At the MIT CIO conference today. About 800 attendees signed up. About 700 showed up across the day. Most found something worthwhile.

First panel: CEO Strategy: Emerging Stronger from the Downturn

Sundar Subramanian, CEO of Knome and Cambridge Technology Enterprises created an analogy. The CIO's right hand is everything to make IT run securely and efficiently. The CIO's left hand is everything done to start innovation. The methodology and discipline which makes the right hand successful does not work for the left hand.

Bob Burke, CEO of ATG on switching to a SaaS model: You need to set the direction, then burn the ships so you can't go back. Your team must be committed to making the new direction work.

All the panelists note that their are people who are great at doing the right hand work and people who are great at doing the left hand work, but it is rare to find someone who can do both well. They recommend having different people focused on each. The CIO being the right handed person and the CTO being the left handed person. Innovation needs to be spun out of the conservative Type-A IT department to succeed.

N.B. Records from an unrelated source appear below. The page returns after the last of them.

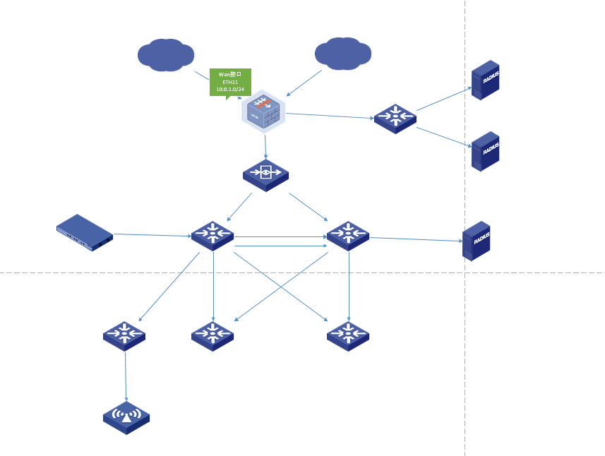 这是我的组网图,现在要实现有线和无线用户都要通过802.1X认证才能上线。我之前得想法是在接入交换机和AC上做认证配置,这样可以吗?还是其他什么方法?
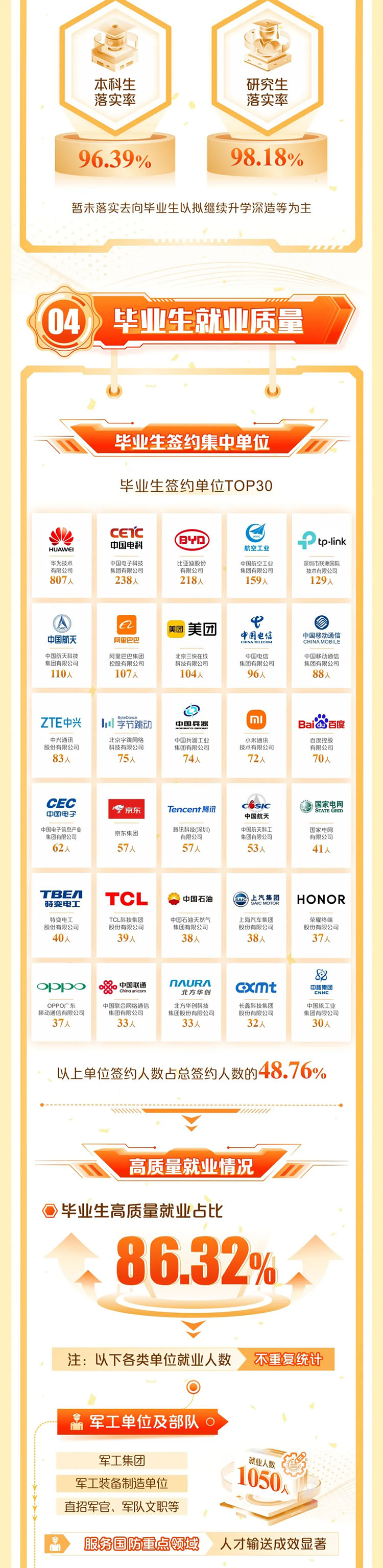 就業頭部企業扎堆:華為(807人)、中國電科(238人)、比亞迪(218人)、中航工業159人、TP-Link129人、中國航天110人、阿里巴巴107人、美團104人……
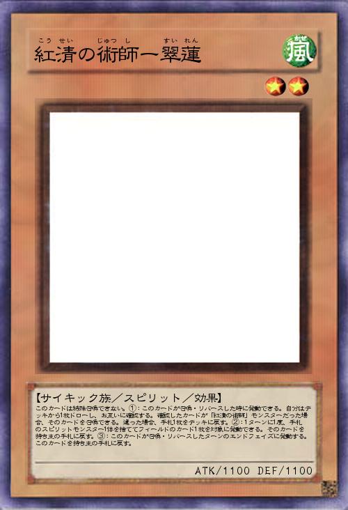 | このカードは特殊召喚できない。①:このカードが召喚・リバースした時に発動できる。自分はデッキから1枚ドローし、お互いに確認する。確認したカードが「紅清の術師」モンスターだった場合、そのカードを召喚できる。違った場合、手札1枚をデッキに戻す。②:1ターンに1度、手札のスピリットモンスター1体を捨ててフィールドのカード1枚を対象に発動できる。そのカードを持ち主の手札に戻す。③:このカードが召喚・リバースしたターンのエンドフェイズに発動する。このカードを持ち主の手札に戻す。 | |||
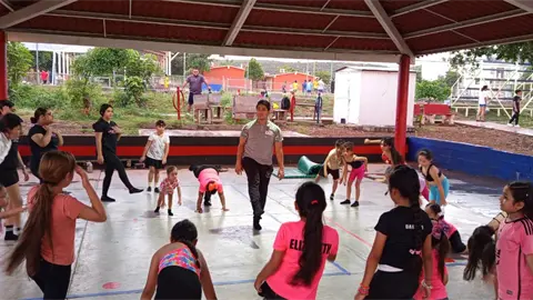 “Me da gusto ver que asisten a las clases de gimnasia, ya que este deporte les ayuda a desarrollar habilidades y les brinda más seguridad a sus hijas. Además, mejora su rendimiento escolar al estimular la concentración, la coordinación y la disciplina”, señaló el suboficial.
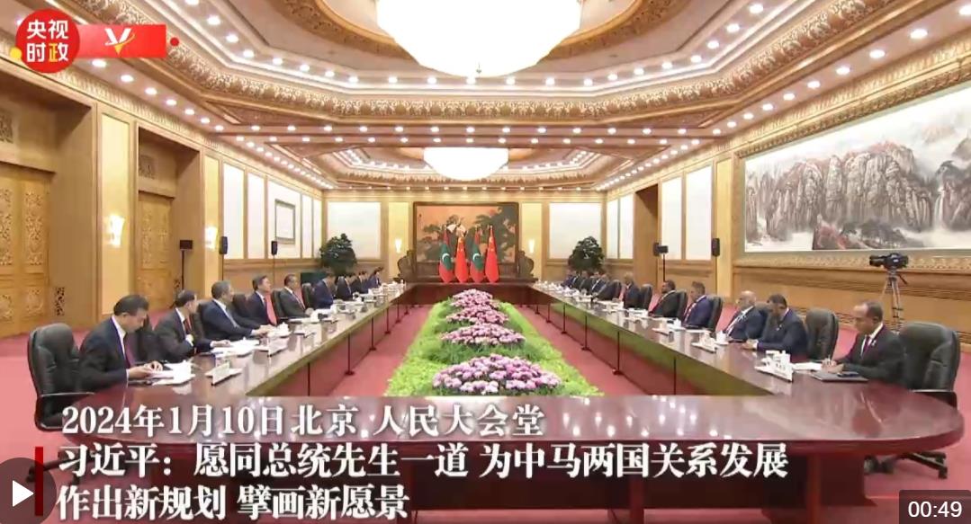 1月10日下午,國家主席習(xí)近平在人民大會(huì)堂同來華進(jìn)行國事訪問的馬爾代夫總統(tǒng)穆伊茲舉行會(huì)談。
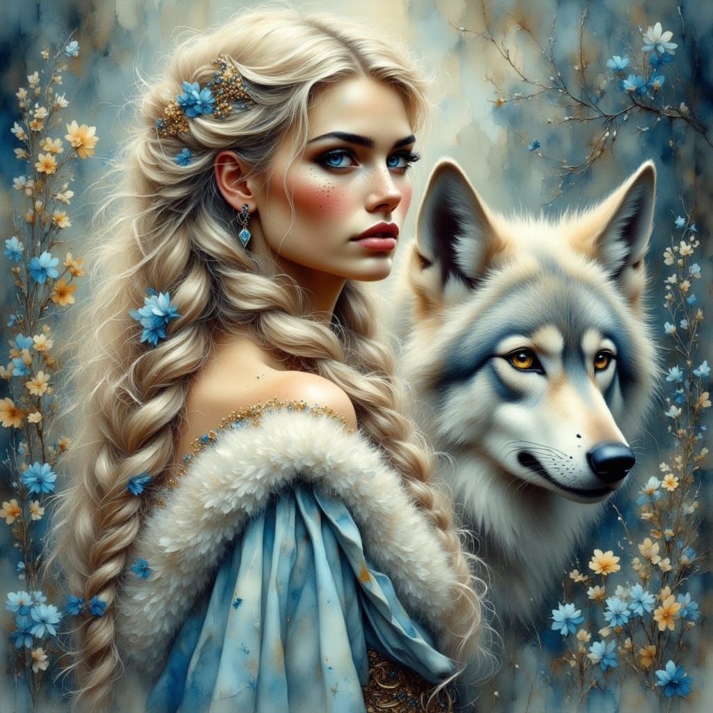 This image shows a weathered portrait of Freya, Norse goddess, with pale blonde hair, blue eyes, and a feathered cloak, accompanied by a radiant wolf. Rendered in an antique watercolor style with ink wash and oil brush strokes.

Bob Brennan, Iron Mountain CEO, recalling a quote he read recently, "If you don't like change, you're going to like irrelevance even less."
General Eric Shinseki, Chief of Staff, U.S. Army as quoted by Tom Peters in Reimagine, DK 2003

Second good panel: How do CIOs Drive Innovation?

CIOs should implement ideation technology to gather and prioritize the thousands of possible innovation ideas from employees, service providers, top local universities, and partners.

Do not depend on just the IT department to create innovation.

Once the top innovation ideas are determined, get the innovators the right resources such as:

  • some customers willing to discuss the idea and experiment with it.
  • necessary data and system access to build prototypes of their solutions
  • funding and C-level support

Innovation ideas should gather momentum or fail fast. Document key assumptions for success, then test them quickly. One key assumption is: Does the innovation engage people quickly?

At the end of the panel, cloudTP asked the panel moderator to ask the audience what was limiting them from innovation. By show of hands, the main issus were cultural and organizational. Funding was only an issue for 3 of 80+ attendees. One attendee shouted out, "resources and timing".

After the session while speaking with Forrester analyst Chris Andrews, he indicated that the key barrier was lack of an innovation strategy and an innovation task force. This seems like a great way to start the transformation from being a maintenance-driven CIO to one who enables innovation.

Third good panel: How do CIOs use Cloud Computing

Gartner analyst notes, "Business buys cloud computing, not IT".